→ **Goal of the exercise**:
Transcribe nothing except the lines below that run from the one with "It was entirely" to the one with "Отзывы на Розетка", ends included, and do not copy any picture.

───── Data to examine

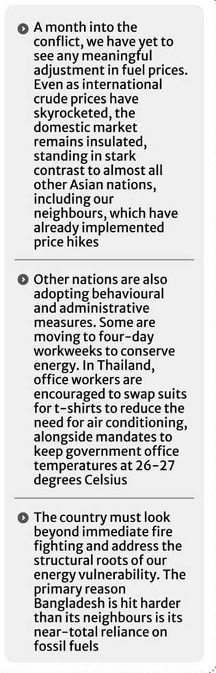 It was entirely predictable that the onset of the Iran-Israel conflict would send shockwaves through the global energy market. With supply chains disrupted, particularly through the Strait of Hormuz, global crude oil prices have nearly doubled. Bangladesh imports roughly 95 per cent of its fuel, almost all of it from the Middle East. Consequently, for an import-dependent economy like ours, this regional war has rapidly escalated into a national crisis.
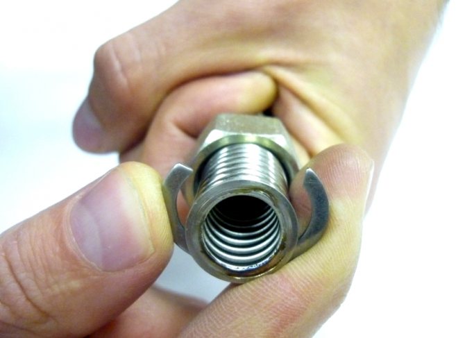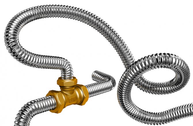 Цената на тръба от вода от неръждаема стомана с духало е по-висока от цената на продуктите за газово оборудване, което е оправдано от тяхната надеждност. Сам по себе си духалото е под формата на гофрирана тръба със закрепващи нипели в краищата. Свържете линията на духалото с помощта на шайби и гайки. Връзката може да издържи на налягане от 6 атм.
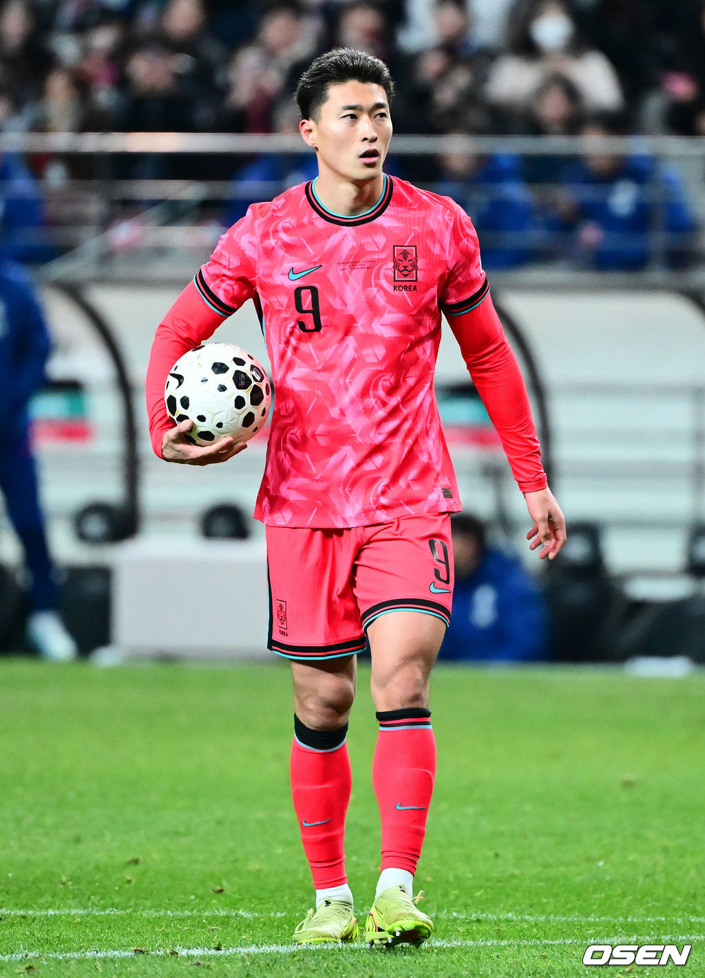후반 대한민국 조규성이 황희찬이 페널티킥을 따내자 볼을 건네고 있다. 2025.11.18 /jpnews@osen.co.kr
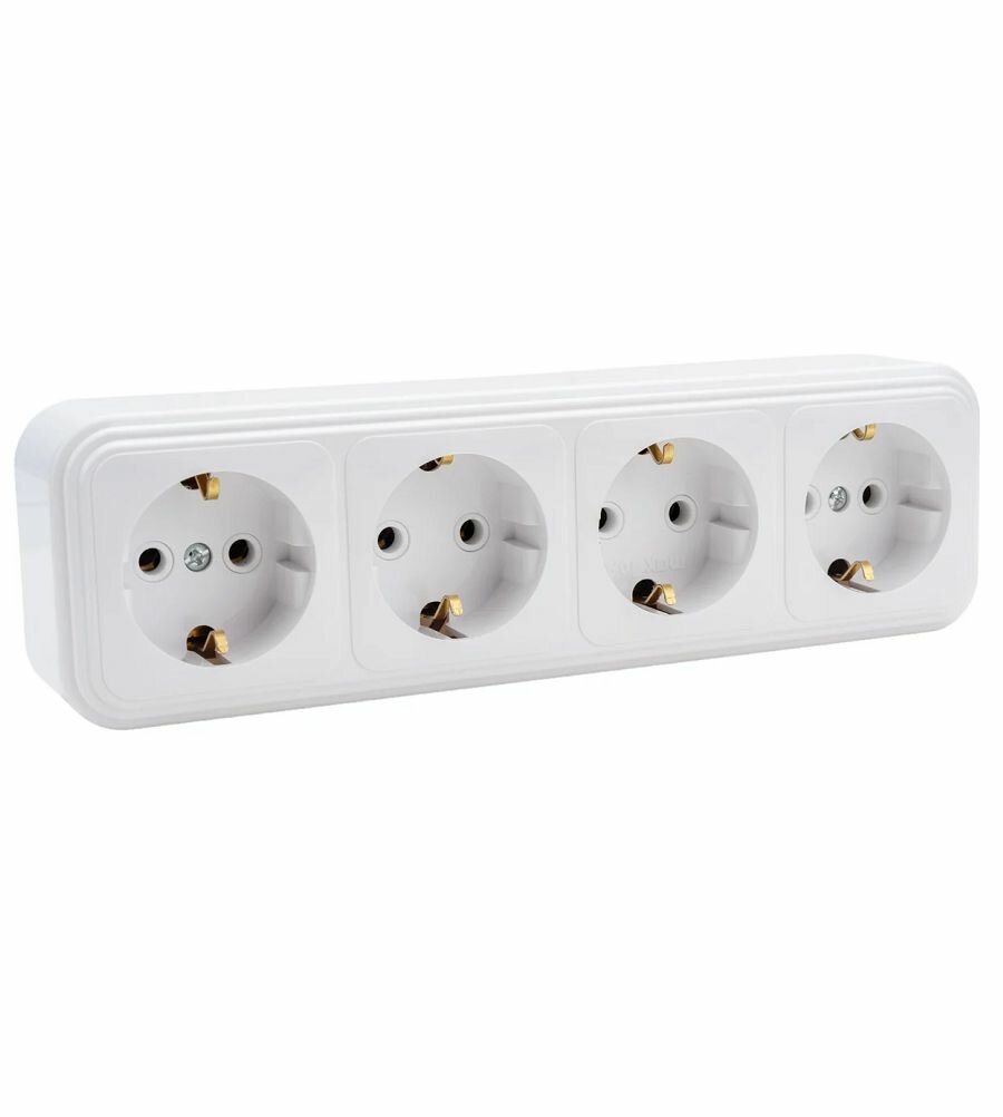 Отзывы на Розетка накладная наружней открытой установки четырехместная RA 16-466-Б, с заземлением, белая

──────────
───── Data to examine

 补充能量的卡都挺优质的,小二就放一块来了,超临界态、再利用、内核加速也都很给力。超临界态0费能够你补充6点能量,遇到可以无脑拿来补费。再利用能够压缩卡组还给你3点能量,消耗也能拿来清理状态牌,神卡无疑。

──────────

→ **Problem solution**:
 It was entirely predictable that the onset of the Iran-Israel conflict would send shockwaves through the global energy market. With supply chains disrupted, particularly through the Strait of Hormuz, global crude oil prices have nearly doubled. Bangladesh imports roughly 95 per cent of its fuel, almost all of it from the Middle East. Consequently, for an import-dependent economy like ours, this regional war has rapidly escalated into a national crisis.
 Цената на тръба от вода от неръждаема стомана с духало е по-висока от цената на продуктите за газово оборудване, което е оправдано от тяхната надеждност. Сам по себе си духалото е под формата на гофрирана тръба със закрепващи нипели в краищата. Свържете линията на духалото с помощта на шайби и гайки. Връзката може да издържи на налягане от 6 атм.
후반 대한민국 조규성이 황희찬이 페널티킥을 따내자 볼을 건네고 있다. 2025.11.18 /jpnews@osen.co.kr
 Отзывы на Розетка накладная наружней открытой установки четырехместная RA 16-466-Б, с заземлением, белая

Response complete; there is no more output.